New requirement 5.1.2 : Periodically review systems uncommonly affected by malware to determine if protection has become necessary With changes to Requirement 5, the PCI SSC wanted to stress that all systems should be protected from malware, and even systems uncommonly impacted by malware should be reviewed periodically to determine if malware protection has become necessary. Although keys and certificates may be viewed as a system uncommonly affected by malware, falling under the new requirement, in truth, today they should be considered commonly impacted targets of malware and protected. Attacks that target keys and certificates go back to at least as early as 2009 and have dramatically increased. For example, there has been a 700% growth in certificate enabled malware from 2012 to 2015, according to Intel Security. And in March 2014, the severity and scope of Heartbleed put a spotlight on this vulnerability that, for full remediation, requires companies to replace all keys and certificates. And experts believe that these attacks are only going to increase. Gartner predicts that “50% of network attacks will use SSL by 2017.” Cybercriminals leverage keys and certificates to create the illusion of trust and bypass traditional defense in-depth security, undermining critical security controls. These threats underscore the importance of strong security and remediation capabilities for keys and certificates.
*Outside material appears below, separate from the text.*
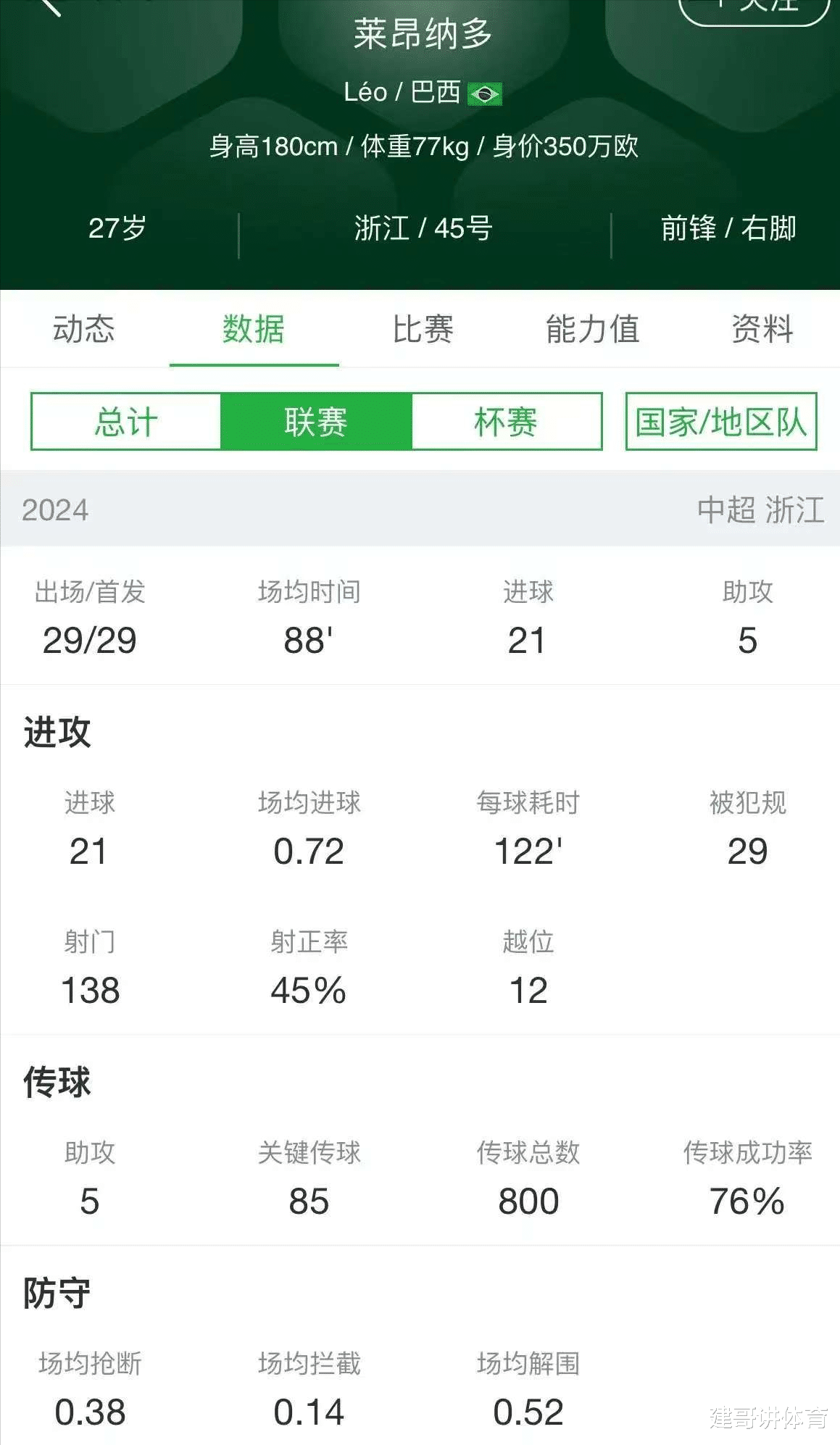 对于莱昂纳多24赛季的个人数据,建哥感觉假如不是莱昂纳多遭遇亚足联的禁赛,他在亚冠赛场上的进球也不会太少,当浙江队新赛季很难继续留住这位泰山队的外援前锋时,考虑到上海申花和山东泰山队之间的球员互动频繁,山东泰山可以把小摩托送到上海申花,也就可以把莱昂纳多也送到上海申花的,对于莱昂纳多新赛季加盟上海申花的概率到底有多大的疑问,从上海申花门将鲍亚雄的社交也可以提前知道答案了,在鲍亚雄已经关注了莱昂纳多后,鲍亚雄的个人社交也疑似提前泄密了莱昂纳多加盟的事情。

When certificates are used for authentication, they must be assigned to an individual account and not shared In this latest PCI DSS version, certificates are specifically called out as a means of authentication. But, as stated in the new Requirement 8.6, when using certificates, organizations must be able to assign them to an individual account that prevents shared usage. This requires a certificate security solution that applies strict certificate usage policies while also enabling ease of distribution and maintenance.
The new version of the PCI DSS emphasizes that security controls implemented for compliance should be part of the organization’s business-as usual security strategy. This enables organizations to maintain compliance on an ongoing basis. To deliver business-as-usual security processes, Venafi provides fully automated key and certificate protection for end-to end provisioning of complex, load-balanced encryption environments. This automation eliminates the vulnerabilities that can arise from error-prone manual processes, rapidly scales new encryption-dependent applications, and provides automatic remediation so that errors, oversights, and attacks do not become breaches.
The PCI DSS is meant to serve as a minimum security standard. A company’s security program should meet and exceed the PCI DSS requirements, achieving compliance as a by-product of implementation. If organizations are not meeting the PCI DSS requirements, not only are they not compliant, they are not secure—providing opportunities for cybercriminals.
Cryptographic keys and digital certificates are the foundation for providing trust in data protection, authorization, and authentication of servers, devices, software, cloud, and privileged administrators and users. The PCI DSS recognizes the importance of securing keys and certificates and includes requirements for them throughout the standard. With Venafi, organizations can meet these PCI DSS v3 requirements—simplifying and ensuring repeated audit success while continually defending against trust-based attacks.